Another point of study was the follow-up assessment after 6 months, and its impingement on chemotherapy-induced cognitive handicap revealed no statistically significant divergence. However, some other studies uncovered that deteriorated cognitive affair in children with cancer could be attributed either to cancer treatments including chemotherapy or to cancer per se as some patients who did not achieve remission had poorer cognitive function [35]; this controversy may be explained by relatively short stop of the study and in need for wide scale of patients. So, further larger, prospective, long-term studies are necessary to definitively assess this impairment.

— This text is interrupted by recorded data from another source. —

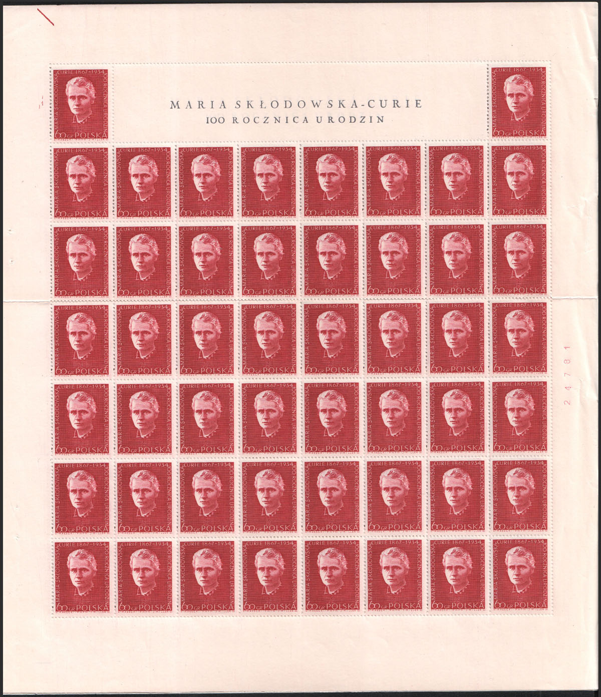1967 100. rocznica urodzin Marii Skłodowskiej-Curie, seria arkuszach sprzedażnych złożonych w połowie, w tym parki rozdzielone przywieszką. | 400 PLN | 1 319 PLN | |
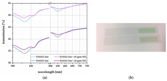 (a) Transmission spectra of screen printed E141 (ii) on PE-foil with different layer thicknesses (2nn and 3nn). The samples were exposed to 45 ppm NO2 in N2. (b) Picture of the test stripes on PE-foil before (up) and after (down) the exposure to 45 ppm NO2.
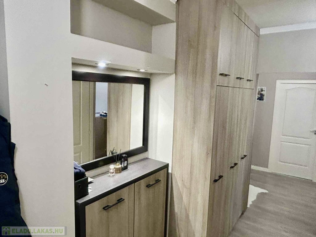 Nyíregyházán, a Család utcán eladó egy igényesen, magas minőségben felújított, 65 nm-es, 2+1 szobás, külön nyíló szobákkal rendelkező lakás egy 4 emeletes társasház 4. emeletén. Az otthon minden részletében a kényelmet és az esztétikumot tükrözi: modern, egyedi tervezésű, beépített és gépesített konyhabútorral rendelkezik, amelybe hűtő és mosogatógép is beépítésre került. A lakásban két helyiségben klíma gondoskodik a kellemes hőmérsékletről, a praktikus gardróbszekrények pedig kényelmes tárolási lehetőséget biztosítanak.
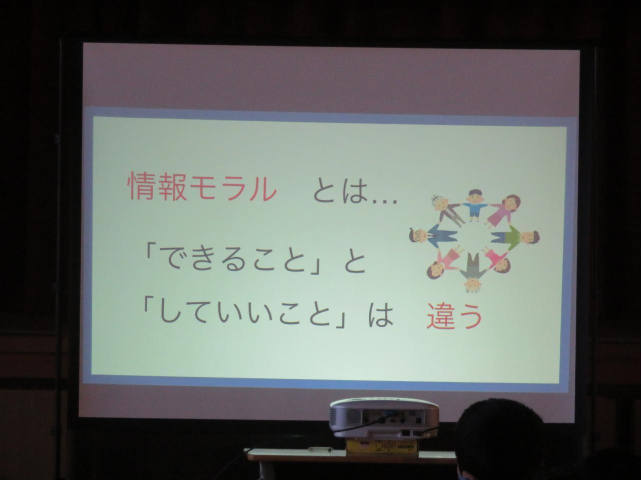 12月20日(火)NIT情報技術推進ネットワーク株式会社より嶋田亜紀さんを講師に迎え、情報モラルについての学習を全校生で行いました。最近は子どもたちでも、スマホやタブレット・ゲーム機を気軽に使える環境があり、上手につきあっていく方法を学ぶことが大切になってきました。今回は、日頃使っているアプリにはそれぞれどんな性質があるのか、使うときにはどんなことに気を付けなければならないかを分かりやすく教えてもらいました。本日、パンフレットを持ち帰っています。ぜひご家庭でも、スマホやタブレット・ゲームについて話をする機会をもっていただけるとありがたいです。
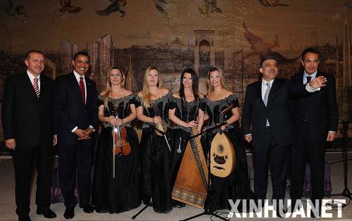 4月6日,在土耳其伊斯坦布尔,美国总统奥巴马(左二)、土耳其总理埃尔多安(左一)、土耳其总统居尔(右二)和西班牙首相萨帕特罗(右一)与土耳其演员合影。奥巴马5日晚抵达安卡拉,开始对土耳其进行为期两天的正式访问。新华社/阿纳多卢通讯社
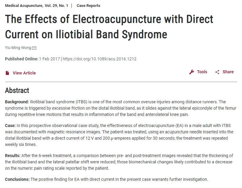 MRI로 장경인대증후군으로 진단받은 남성에게 주 1회씩 전침치료를 시행한결과 통증의 감소와 함께 두꺼워졌던 장경인대의 두께가 감소하고 슬개골의 외측 편위가 감소된 임상증례가 보고된 바 있습니다.

To summarize, there is a necessary need of more comprehensive neuropsychological tests for specific information about the nature and severity of intellectual dysfunction at different times throughout the distance of the discourse full point and even for long terminus survivors as a second step to provide an improved scene for specific effect related to cognitive dysfunction in patients with hematological malignancies. Besides, studies on big sample distribution are also advised to clarify the role of predisposing variables.
Furthermore, the growth of interference that addresses cognitive late answer is imperative, and intervention studies can be more successfully created to target the actual mechanisms to try and prevent cognitive impairment from occurring and address it once it has happened.